Le pain » , Francis Ponge, Le Parti pris des choses, 1942

« Le pain » , Francis Ponge, Le Parti pris des choses, 1942
-I-TRANFORMATION (TRANSFIGURATION) POETIQUE D’UN OBJET BANAL
Le pain : objet quotidien ( « donnez-nous notre pain quotidien ») mais qui a une dimension noble dans
l’imaginaire ( eucharistie +pain nourricier).

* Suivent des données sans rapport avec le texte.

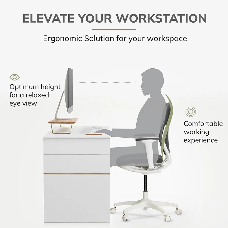 - Raises monitor screens 4.75″ for comfortable viewing
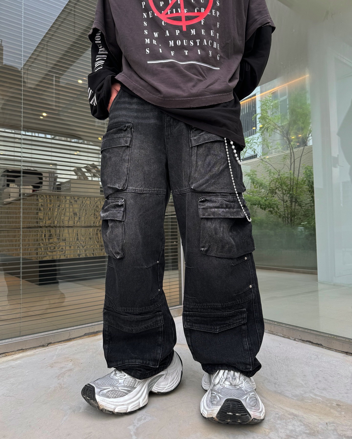 韓國 砲彈 多口袋 水洗 做舊感 重磅 黑牛仔褲 工作褲
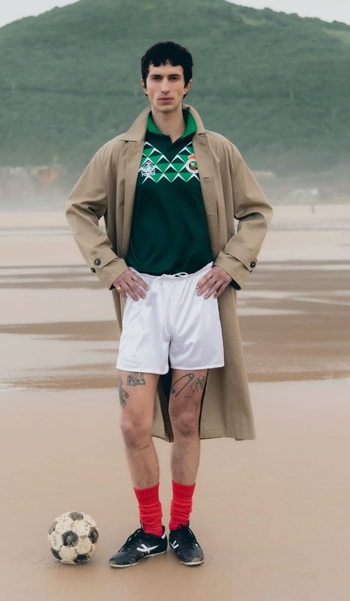 Cette fois-ci, Pompeii est parti sur deux tuniques vintage, chacune avec sa propre esthétique. La version classique mise sur un maillot mi-blanc, mi-vert au motif « pied-de-poule » avec un joli col en V. La version gardien, elle, part sur un tout autre terrain avec un maillot vert foncé à col polo avec un motif triangulaire rétro.
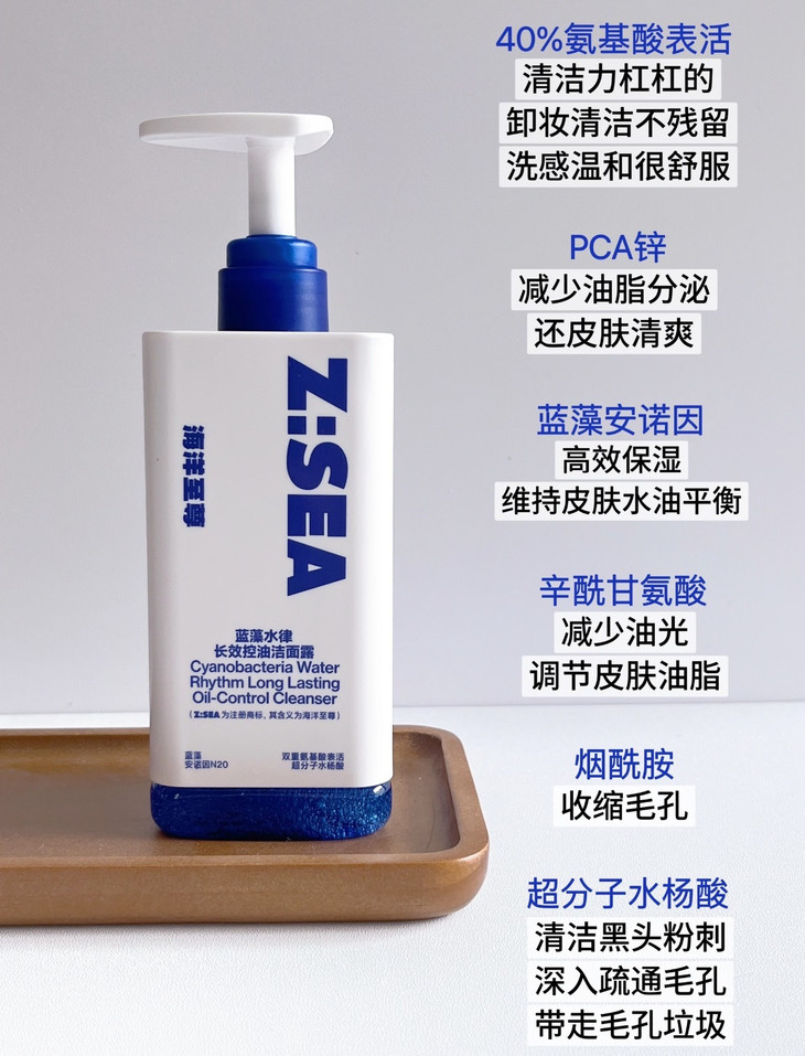 海洋至尊蓝藻控油套盒 核心成分烟酰胺+肌氨酸 肤感舒适温和,还能提亮肌肤,让神色更明朗 。
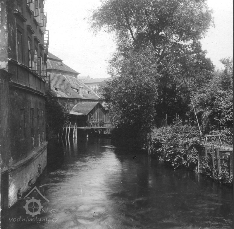 Pohled na mlýn čp. 449 a sousední dům čp. 450, 1920, © J. Brunner-Dvořák
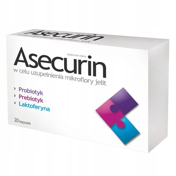 Suplement diety Asecurin zawiera dwa szczepy bakterii probiotycznych z rodzaju Lactobacillus, prebiotyk (inulinę) i laktoferynę z mleka. Jest zalecany w celu uzupełnienia i odbudowy mikroflory jelitowej w czasie i po leczeniu antybiotykami.

A. Description ordonnée et précise de l’objet. Suit l’ordre d’une démarche « savante » :
mouvement du texte va de l’extérieur ( 1er §) à l’intérieur : on passe de la surface du pain, au premier
alinéa, à « la masse amorphe » ( 2ème et 3ème §), et une fois à l’intérieur de cette masse, on passe du
macrocosme ( 2ème § ) au microcosme ( 3ème §) : souligner cette progression du texte , de § en §, puis
souligner que le texte explicite ce mouvement : l’adjectif « panoramique » implique un regard (
celui du lecteur/poète/consommateur de pain) englobant, les termes « tissus », « fleurs » et « feuilles »
impliquent un regard rapproché. Le texte se termine par l’ingestion du pain » : « pain » dans notre
bouche, objet de parole (poème) et de consommation.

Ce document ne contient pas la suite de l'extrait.